Notes from Transition Conference 2011 workshop Beyond Conflict,

led by Laurie Michaelis

 

(Notes by Isabel Carlisle who acted as clerk) 

Workshop was framed as “Our experiences of tension and conflict: what happened? Why did it happen? What can we learn?”. The group voted to experience the Quaker Meeting process for resolving conflict. 

Laurie gave us some guidelines:

1.     Come with an open mind ready to hear and unite with the sense of the meeting.

2.     Stand when you have something to say. Wait to be called. Don’t speak otherwise.

3.    It’s much more about listening than putting your bit forward

4.     Listen for the truth in others’ words

5.     The minutes are agreed word for word in the meeting and a clerk is appointed to take notes of what people are saying and synthesise them into a minute.

The question we were addressing was “What can we say arising from our experience of conflict?”

Isabel: “It does not help either side if we back down”

Kath: “Conflict arises from personal differences that may not be related to the issues in question. It arises from past relationships, private lives, anger in some people, passion in others and through getting blinkered. We may have frustration with others not hearing what we say. People are reluctant to let go of their viewpoint. Ideas get stuck at the point of putting them into action. People get disaffected. Maybe success comes from resolving different views? Conflict may also come from customs that are not honoured (like being vegan) or choices that are imposed on others or arguing about meaning. Maybe we need ground rules?”

Ben: “Strong feelings are expressed as a result of unmet needs that are both conscious and unconscious. The clash comes from not acknowledging the needs and you reach an impasse. Lack of awareness about balance between the feminine and masculine sides of ourselves and others, between going with the flow and moving to action.”

Clionha: “I have experience of mediation in Northern Ireland between ex Republican paramilitaries and men from the Loyal Orders, also in a co-housing group. My main learning was around needs and I found that when people were invited to express a view in which they filled in the story of why and what place they were coming from it made a big difference. Questions like ‘How long have you felt it’ were helpful in making needs clear. It helped us to see each other as human beings and moved the group towards thinking ‘how we can help meet the needs of others?’”

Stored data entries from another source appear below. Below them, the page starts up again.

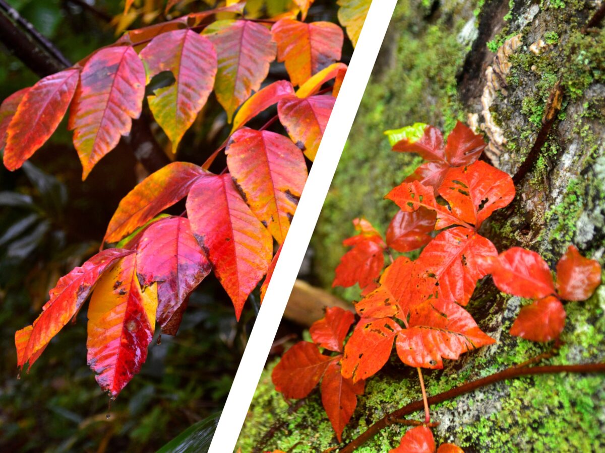 いち早く紅葉した姿を見せるウルシの葉。その紅葉の美しさから「麗(うるわ)しの木」が転じてウルシと呼ばれるようになったという説もあるようです。そんなウルシですが、尾瀬の森の中では2種類のウルシが見られます。高さ3m程の低木のヤマウルシとその名のとおりツタ状のツタウルシがありますが、それぞれ葉の付き方も特徴的です。ヤマウルシは鳥の羽のように葉が並んでいることから「羽状複葉」と呼ばれる葉の形態を持ち、ツタウルシの葉は3枚セットで見られるので「三出複葉」と呼ばれる葉の形態を持ちます。その他、中国原産の漆器や塗料の原料となるいわゆる「ウルシ」は日本中の森の中に野生化したものが生育しています。どのウルシもかぶれの原因となる「ウルシオール」を含みますので手を触れぬようお気をつけください。
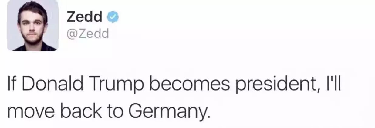 在我们国家言论自由还是有一定的限制,有些MV露了川普的脸直接就审核不通过了。不过西方这件事早就已经闹成一片,褒贬不一,跟我们圈子有关系的就例如Zedd,这次真要搬回德国了。
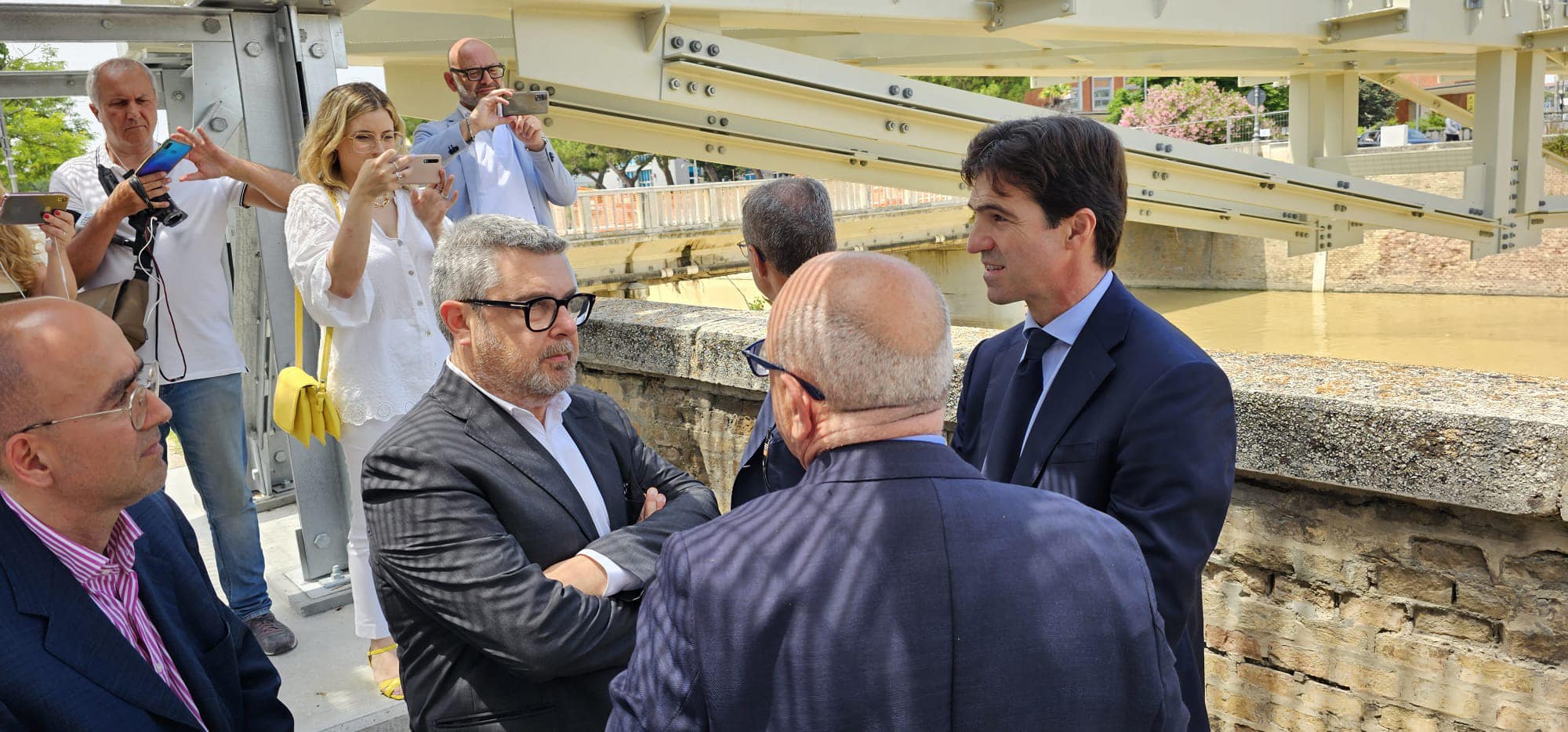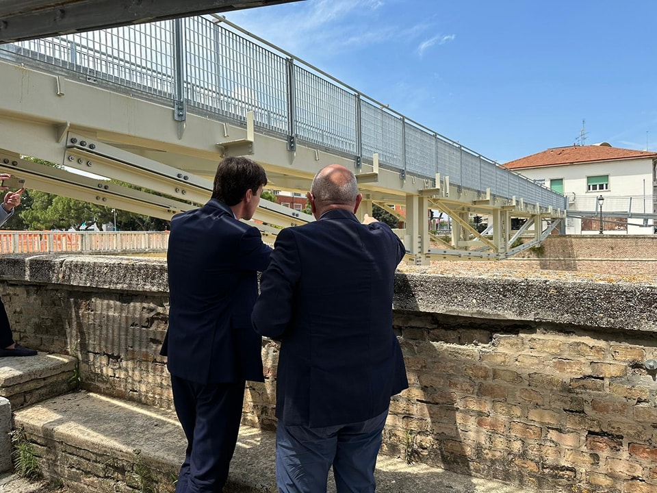 Durante il sopralluogo, il presidente Francesco Acquaroli ha evidenziato che «è pronta e aprirà nei prossimi giorni al transito la passerella ciclo pedonale provvisoria, al centro di Senigallia all’altezza del Ponte Garibaldi, che nei prossimi mesi sarà demolito e ricostruito interamente, rialzato rispetto all’attuale. Si tratta di un intervento di circa 4 milioni, che insieme al dragaggio del fiume iniziato nei giorni scorsi dalla foce, a pochi metri di distanza, rappresenta un altro importante lavoro per la ricostruzione e la mitigazione del rischio. Sono oltre 100 gli interventi di ripristino realizzati in questi mesi lungo il Misa, il Nevola e il Cesano ma anche nel comprensorio del Catria, nei prossimi giorni continueranno ad esserne avviati altri». Quanto al nuovo ponte Garibaldi, la Regione conta entro otto-dieci mesi di arrivare alla soluzione definitiva del problema con la realizzazione della infrastruttura.
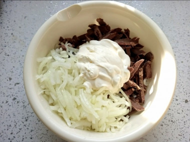 Маринованный лук отжимаем от воды и добавляем к сердцу.
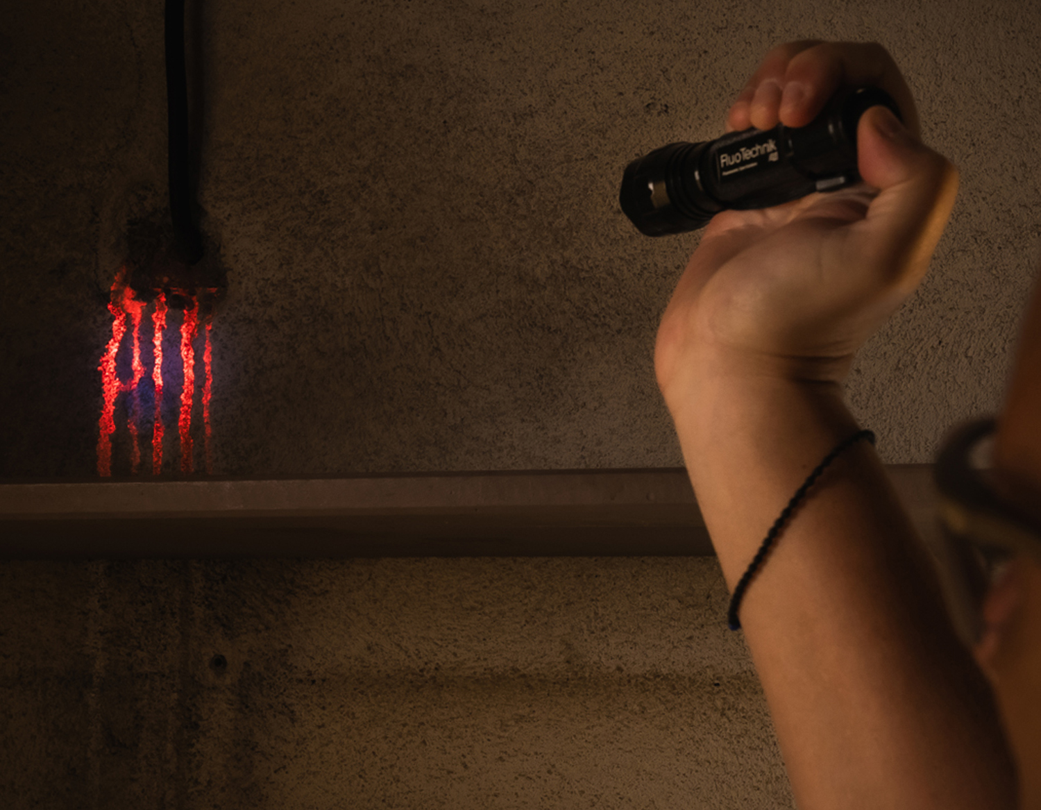 Après circulation du colorant, éclairez la zone suspecte avec la lampe UV.
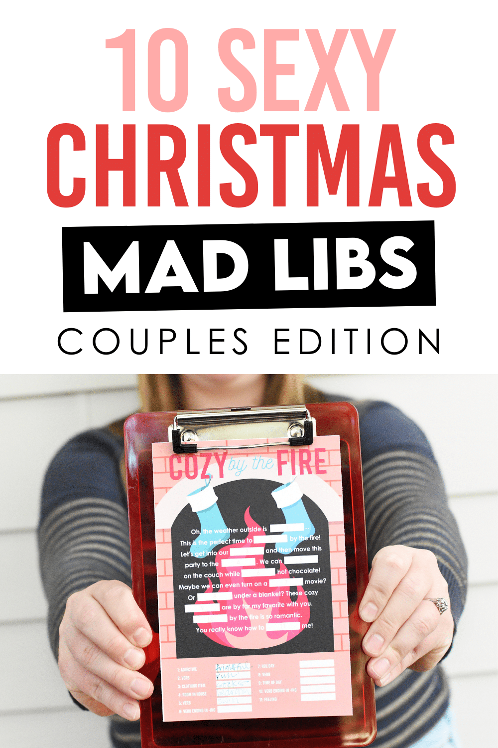 So …. with the hope of getting you to take a few moments to relax AND have a little fun with your sweetie, we’ve created FIVE hilariously sexy mad libs for adults that will ring in the Christmas spirit! The best part? They’re super sexy! 😉 These Christmas mad libs are short and sweet, but we promise you’ll be laughing your stockings off!
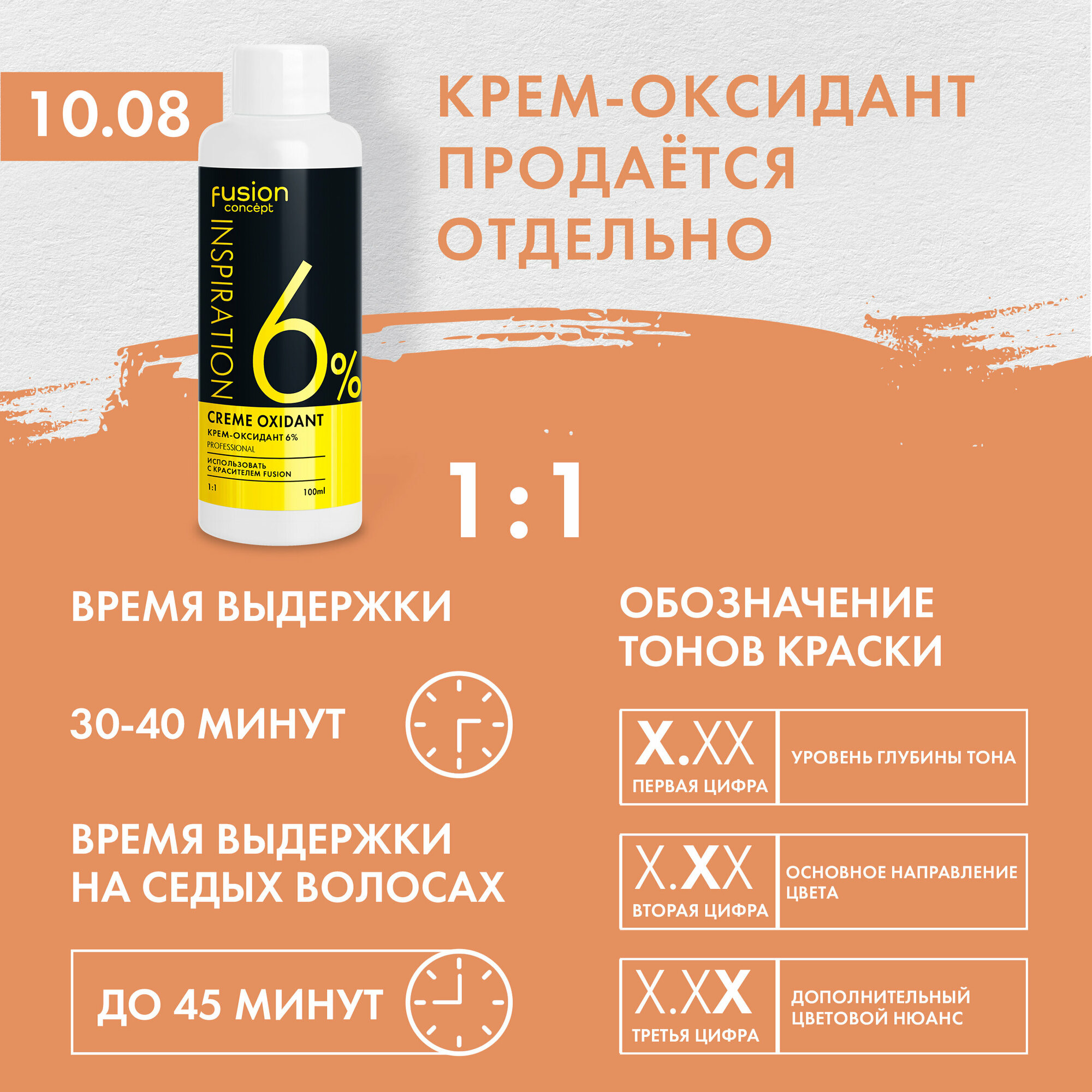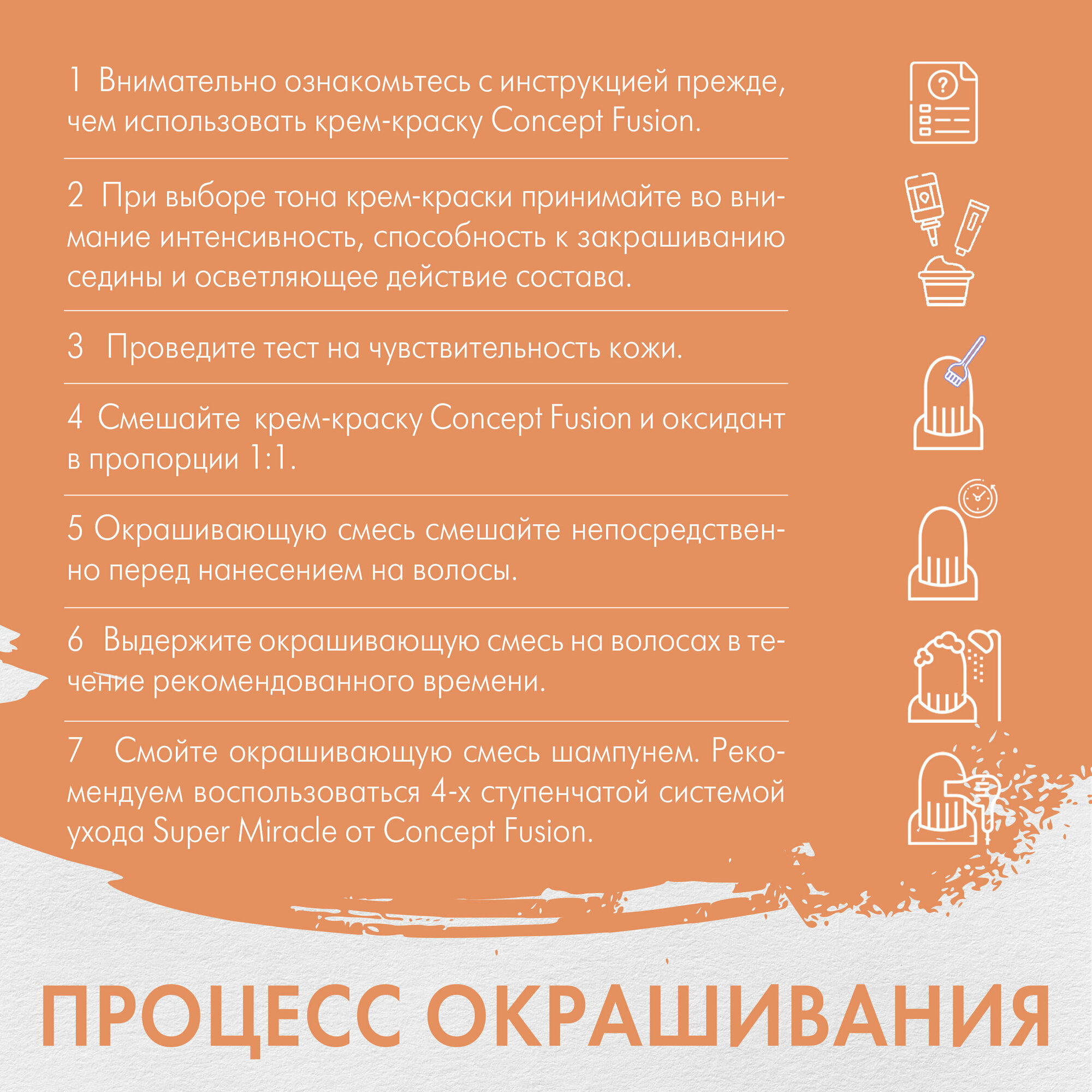 | Способ применения | Внимательно ознакомьтесь с инструкцией, прежде, чем использовать крем-краску Concept Fusion. При выборе тона крем-краски принимайте во внимание интенсивность, способность к закрашиванию седины и осветляющее действие состава. Проведите тест на чувствительность кожи. Смешайте крем-краску Concept Fusion и оксидант в пропорции 1:1. Окрашивающую смесь смешайте непосредственно перед нанесением на волосы. Выдержите окрашивающую смесь на волосах в течение рекомендованного времени. Смойте окрашивающую смесь шампунем. Рекомендуем воспользоваться 4-х ступенчатой системой ухода Super Miracle от Concept Fusion. |

Laurie: “There is no substitute for taking time to get to know one another and really listen. If we don’t understand the question we can’t really answer: the way we use words and understand will differs. Looking at personality differences can be transformative”

Kath: “We should spend more time acknowledging our feelings. Maybe people are all on the same page but don’t realise it. Conflict leads to anger. How can we talk about that?”

Andy: “Conflict arises for me when there is a sense of denial of my truth, turning into conflict about the conflict: I feel I am being denied.”

Debbie: “The key is to see each other and create space between each other. This process that we are in now creates space to breathe and reflect.”

Chris: “It’s really important to make time for this, it should be put into the guide for Transition initiatives.”

Dai: “Resolution is the natural progression from conflict. We may have to go through the messy process to get there. We could see conflict as gates that we move through. Egos often play a part. “Speaking my truth” is another way of saying “opinions”. Truth is in everything in small amounts. We can’t own the truth.”

…………………………………………….. 

Isabel then had a go at writing the minute. She came up with: “Conflict arises when needs are not met. Our inability to understand our own needs and the needs of others, to express them clearly, fuels conflict. There is always a back story that needs to be honoured with spaciousness and willingness to listen.”

 She read this out twice to the meeting. She was asked to add in something about: Seeing one another clearly

Time

Strong positioning in opinions makes us stuck

 She amended the minute to:

“Conflict arises when unmet needs lead to people taking up strong positions. Our inability to understand our own needs and those of others, to see one another clearly and speak what we see, fuels conflict. There is always a back story that needs to be honoured with time, spaciousness and willingness to listen.”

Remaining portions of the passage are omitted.